Source: TFPNJ Historic Document Archive

Each time a new unit was constructed it was attached to the eastmost section of the plant. That meant by the time the Unit 10 was added to the plant in the late 1960s they were completely out of space. The company continued to have to purchase and demolish neighboring homes to accomidate their expansion. The cooling equipment for the 1960's unit was constructed on land along Plum Street. Down was now capable of producing just shy of 82,000mw.


Source: TFPNJ Historic Document Archive

As time pressed on, greater emphasis was placed on finding cleaner sources of energy than coal and kerosene. The relatively small output of the Down plant and its reliance on coal put it right in the crosshairs. The city couldn't justify retrofitting their old boilers or adding the expensive scrubber equipment that would allow them to continue to burn the fuel the plant was designed for. By 2010 the coal units were decommissioned, leaving only the more modern oil units online.


The following year a 64mw natural gas fired simple cycle generator was installed where the old cooling pool used to be in 2011. The new unit was dubbed Howard Down 11. The crossflow towers for the 1950s units were removed as well to clear up some space. 

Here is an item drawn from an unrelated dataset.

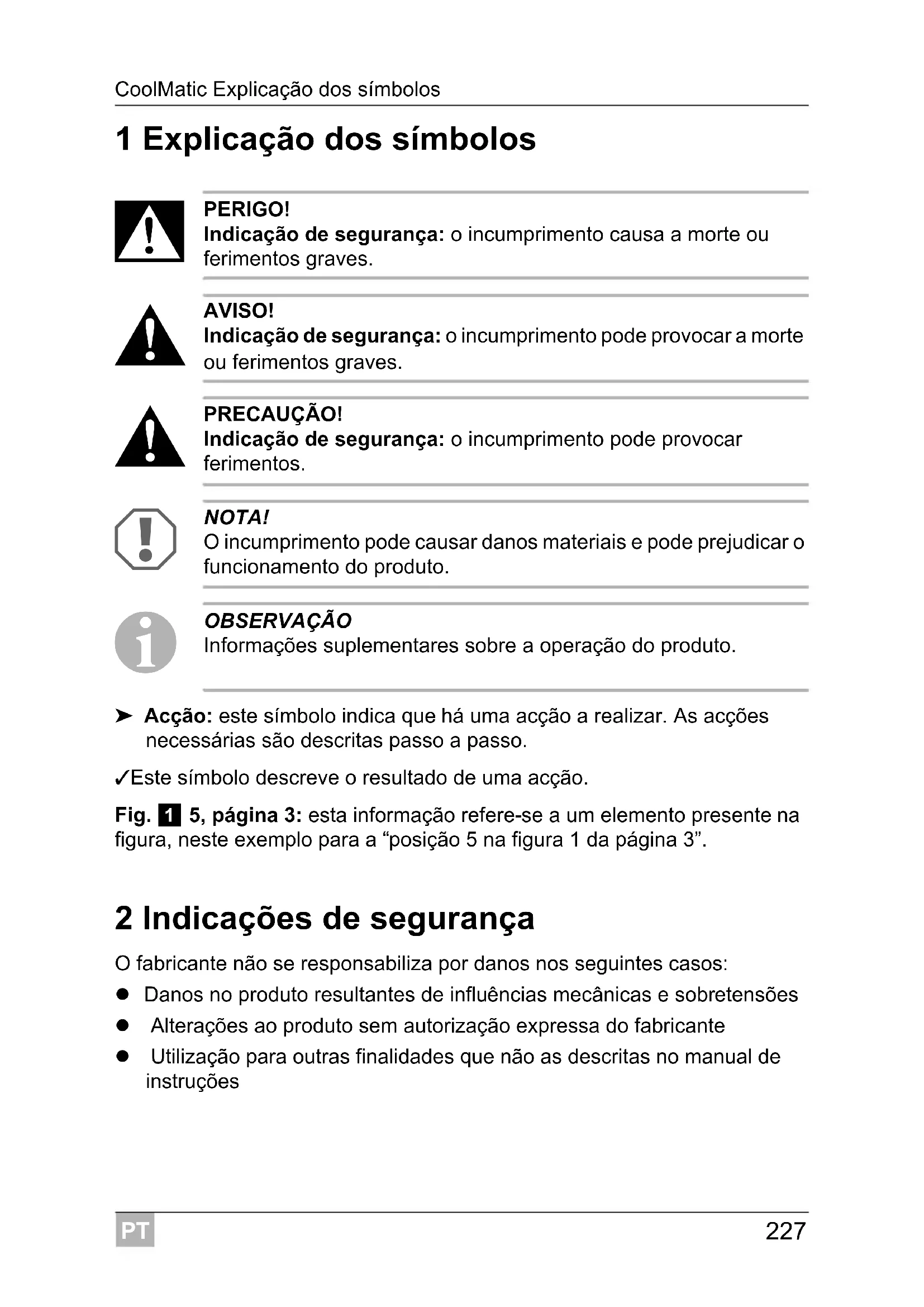 OBSERVAÇÃO Informações suplementares sobre a operação do produto. ➤ Acção: este símbolo indica que há uma acção a realizar. As acções necessárias são descritas passo a passo. ✓ Este símbolo descreve o resultado de uma acção. Fig. 1 5, página 3: esta informação refere-se a um elemento presente na figura, neste exemplo para a “posição 5 na figura 1 da página 3”. 2 Indicações de segurança O fabricante não se responsabiliza por danos nos seguintes casos: Danos no produto resultantes de influências mecânicas e sobretensões Alterações ao produto sem autorização expressa do fabricante Utilização para outras finalidades que não as descritas no manual de instruçõesPT Indicações de segurança CoolMatic

Unit 11 was way more efficient and inexpensive to maintain than the old hulking powerhouse across the tracks. In addition, the company built another simple cycle unit in Clayville, bringing another 64mw of power to the grid. Unit 10 inside the old plant was kept around to be switched on during times of peak demand, but those times became more rare as the regional grid stabilized. By 2021 the utility had purchased an adjascent building and began moving all of the offices and workshops over. It was announced the following year that the rest of the old equipment would be decommissioned and the plant would be demolished.


I pulled up outside Howard Down on a warm August morning shortly after the demolition plans were announced. The iconic "Vineland Municipal Electric Plant" sign was dark, but the building was still lit up and humming. I had been keeping an eye on the plant for almost a decade, waiting for it to finally close. I first saw the beautiful brick behemoth while in town to document the former Newcomb Hospital. By then the building was hardly ever being used to generate power, but I remember watching workers going in and out of the front doors when I drove around it in the years after. Ten years after the first time I ever saw it and she still looked exactly the same. 

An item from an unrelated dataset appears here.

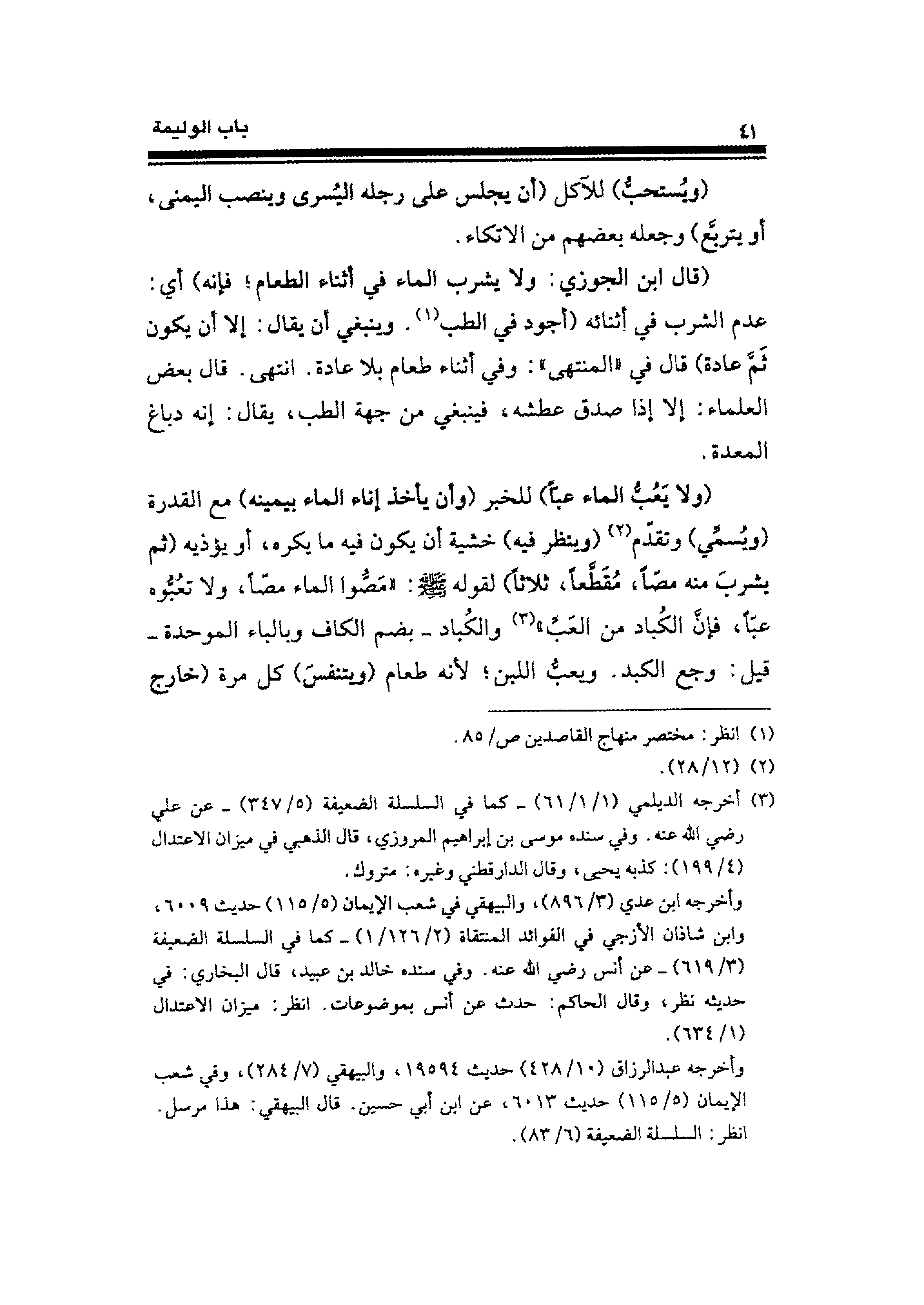 (قال ابن الجوزي: ولا يشرب الماء في أثناء الطعام؛ فإنه) أي: عدم الشرب في أثنائه (أجود في الطب (¬١). وينبغي أن يقال: إلا أن يكون ثَمَّ عادة) قال في "المنتهى": وفي أثناء طعام بلا عادة. انتهى. قال بعض العلماء: إلا إذا صدق عطشه، فينبغي من جهة الطب، يقال: إنه دباغ المعدة.

I was hoping there would be some clue that the workers weren't going inside the building anymore since the demolition was already announced. That wasn't the case. I carefully made my way around the building, eventually making my way to the railroad tracks that bisected the old plant from its modern replacement. It wasn't too long before I was climbing up a ladder that would eventually bring me inside. 

Quietly, I worked my way through the maze of boilers from different eras. I wasn't sure what I was going to find when I got to the generator hall. So often when these stations get updated the old generators are ripped out or torn apart for pieces and scrap. Thankfully that wasn't the case here.

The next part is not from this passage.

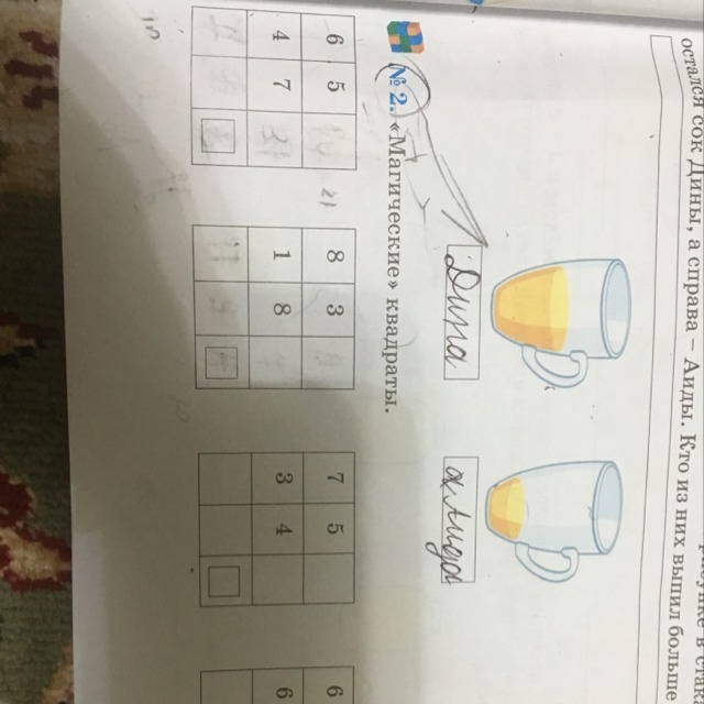 решают магические квадраты способом подбора чисел. Если правильно подобрать число, тогда все линии по горизонтали вертикали и диагонали будут равны одному и тому же числу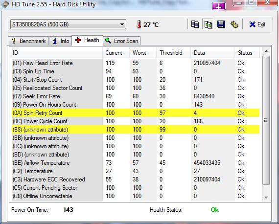 merkwürdigerweise habe ich ein ständiges nervendes Geräusch welches von der Festplatte kommt. Es hört sich an wie Tick Tack Tick Tack Tick Tack... und kommt genau 2x pro Sekunde. Es leuchtet jedoch keine IDE-LED. Wie kann ich prüfen ob die Festplatte irgendwelche abfragen macht/Anfragen bekommt oder ist sie defekt? Sidn die Werte überhaupt in Ordnung?

Walking down the hall was like walking through history. Generators of different sizes and from progressively different eras lined the room from one end to the next, eight in total.

I did the best I could to document everything, but I only had my phone on me. I intended to return and shoot everything on my real camera, but time got away from me. While doing research for this post I opened up the street view and was horrified to see that demolition was already in full swing. I was sure by the time abatement started all the local power plant goons would be posting the place all over social media. I never saw another photo though. Hopefully someone did a better job documenting the building as it was such an amazing and rare relic of power generation. 

Only time will tell what will replace the old generating station now that the building is gone. I'm hoping a memorial display is installed somewhere for folks to see. The old neon sign that once graced the roof is set to be restored and reinstalled next to Howard Down 11. At least that will serve as a small reminder of the plant that powered the town for over a century.